▸ TASK OBJECTIVE
Return only the stretch of the material below that begins with the line containing "Distribution of the" and ends with the line containing "蕉下儿童透气内裤男女童3条装柔软排汗宝宝抗菌莫代尔a类平角裤", exactly; both of those lines belong to it.

BEGIN DATA PROVIDED

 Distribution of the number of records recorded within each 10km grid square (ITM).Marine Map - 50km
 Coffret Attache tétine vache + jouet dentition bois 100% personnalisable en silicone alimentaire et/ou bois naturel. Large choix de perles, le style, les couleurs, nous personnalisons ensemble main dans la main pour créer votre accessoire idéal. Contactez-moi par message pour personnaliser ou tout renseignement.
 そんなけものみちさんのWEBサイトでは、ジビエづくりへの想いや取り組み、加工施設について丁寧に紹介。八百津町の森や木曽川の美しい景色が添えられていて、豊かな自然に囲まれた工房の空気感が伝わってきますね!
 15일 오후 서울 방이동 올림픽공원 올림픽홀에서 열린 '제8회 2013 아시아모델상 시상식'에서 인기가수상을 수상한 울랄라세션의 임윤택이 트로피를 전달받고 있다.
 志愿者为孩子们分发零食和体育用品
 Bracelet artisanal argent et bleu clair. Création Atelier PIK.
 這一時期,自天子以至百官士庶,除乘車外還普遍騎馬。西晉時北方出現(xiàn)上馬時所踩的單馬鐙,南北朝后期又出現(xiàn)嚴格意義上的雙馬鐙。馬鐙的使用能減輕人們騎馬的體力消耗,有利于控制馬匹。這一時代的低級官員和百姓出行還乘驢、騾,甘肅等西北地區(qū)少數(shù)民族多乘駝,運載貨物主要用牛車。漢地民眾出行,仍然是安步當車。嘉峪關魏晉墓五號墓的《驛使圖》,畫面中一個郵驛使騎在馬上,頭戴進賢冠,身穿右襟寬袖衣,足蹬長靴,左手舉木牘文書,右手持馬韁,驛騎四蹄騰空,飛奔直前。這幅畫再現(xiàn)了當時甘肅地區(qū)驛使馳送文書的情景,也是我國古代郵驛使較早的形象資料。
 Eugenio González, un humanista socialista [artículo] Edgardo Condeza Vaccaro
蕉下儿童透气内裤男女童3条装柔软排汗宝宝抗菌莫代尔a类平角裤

END DATA PROVIDED
BEGIN DATA PROVIDED

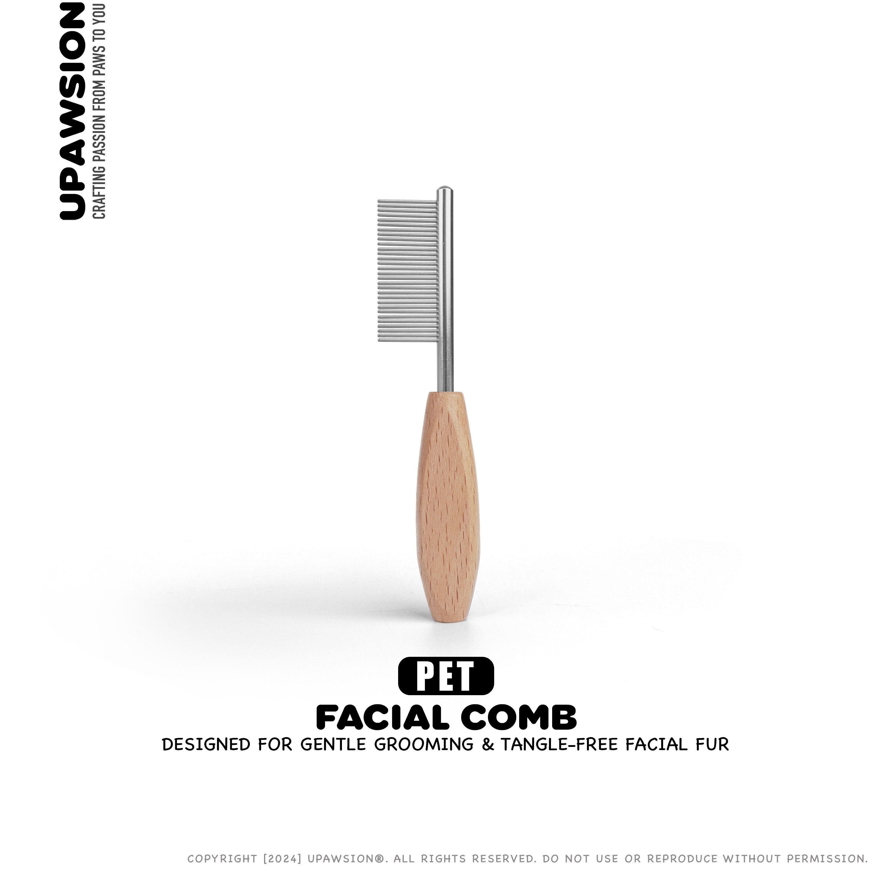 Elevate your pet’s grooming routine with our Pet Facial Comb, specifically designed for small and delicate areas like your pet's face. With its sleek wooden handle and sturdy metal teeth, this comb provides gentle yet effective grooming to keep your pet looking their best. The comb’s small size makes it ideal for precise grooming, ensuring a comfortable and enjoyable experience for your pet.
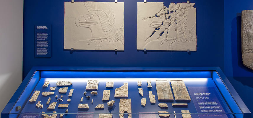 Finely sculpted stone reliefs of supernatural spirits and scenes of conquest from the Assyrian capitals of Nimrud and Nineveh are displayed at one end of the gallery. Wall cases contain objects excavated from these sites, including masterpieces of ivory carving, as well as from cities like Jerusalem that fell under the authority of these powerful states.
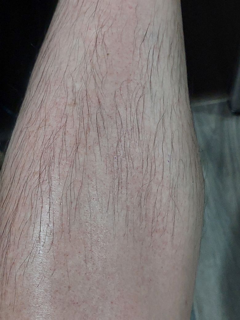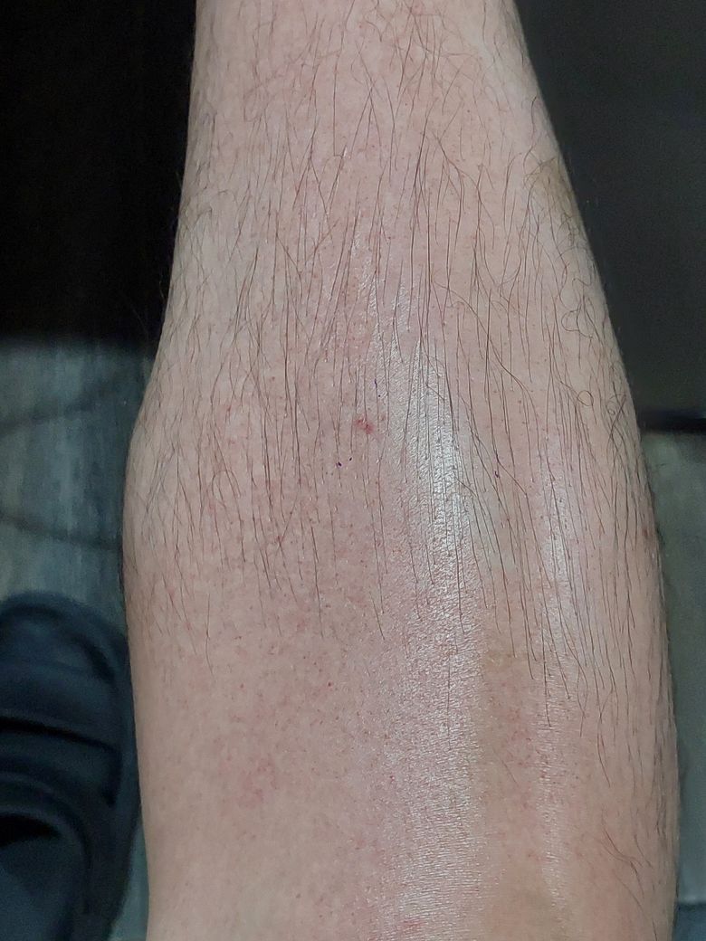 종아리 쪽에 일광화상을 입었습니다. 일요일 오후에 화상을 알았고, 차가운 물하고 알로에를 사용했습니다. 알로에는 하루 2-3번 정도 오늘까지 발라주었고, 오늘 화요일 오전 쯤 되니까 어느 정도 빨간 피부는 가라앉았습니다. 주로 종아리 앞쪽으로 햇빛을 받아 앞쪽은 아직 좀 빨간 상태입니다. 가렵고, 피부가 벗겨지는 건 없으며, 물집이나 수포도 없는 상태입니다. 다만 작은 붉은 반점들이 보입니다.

END DATA PROVIDED

▸ RESPONSE
 Distribution of the number of records recorded within each 10km grid square (ITM).Marine Map - 50km
 Coffret Attache tétine vache + jouet dentition bois 100% personnalisable en silicone alimentaire et/ou bois naturel. Large choix de perles, le style, les couleurs, nous personnalisons ensemble main dans la main pour créer votre accessoire idéal. Contactez-moi par message pour personnaliser ou tout renseignement.
 そんなけものみちさんのWEBサイトでは、ジビエづくりへの想いや取り組み、加工施設について丁寧に紹介。八百津町の森や木曽川の美しい景色が添えられていて、豊かな自然に囲まれた工房の空気感が伝わってきますね!
 15일 오후 서울 방이동 올림픽공원 올림픽홀에서 열린 '제8회 2013 아시아모델상 시상식'에서 인기가수상을 수상한 울랄라세션의 임윤택이 트로피를 전달받고 있다.
 志愿者为孩子们分发零食和体育用品
 Bracelet artisanal argent et bleu clair. Création Atelier PIK.
 這一時期,自天子以至百官士庶,除乘車外還普遍騎馬。西晉時北方出現(xiàn)上馬時所踩的單馬鐙,南北朝后期又出現(xiàn)嚴格意義上的雙馬鐙。馬鐙的使用能減輕人們騎馬的體力消耗,有利于控制馬匹。這一時代的低級官員和百姓出行還乘驢、騾,甘肅等西北地區(qū)少數(shù)民族多乘駝,運載貨物主要用牛車。漢地民眾出行,仍然是安步當車。嘉峪關魏晉墓五號墓的《驛使圖》,畫面中一個郵驛使騎在馬上,頭戴進賢冠,身穿右襟寬袖衣,足蹬長靴,左手舉木牘文書,右手持馬韁,驛騎四蹄騰空,飛奔直前。這幅畫再現(xiàn)了當時甘肅地區(qū)驛使馳送文書的情景,也是我國古代郵驛使較早的形象資料。
 Eugenio González, un humanista socialista [artículo] Edgardo Condeza Vaccaro
蕉下儿童透气内裤男女童3条装柔软排汗宝宝抗菌莫代尔a类平角裤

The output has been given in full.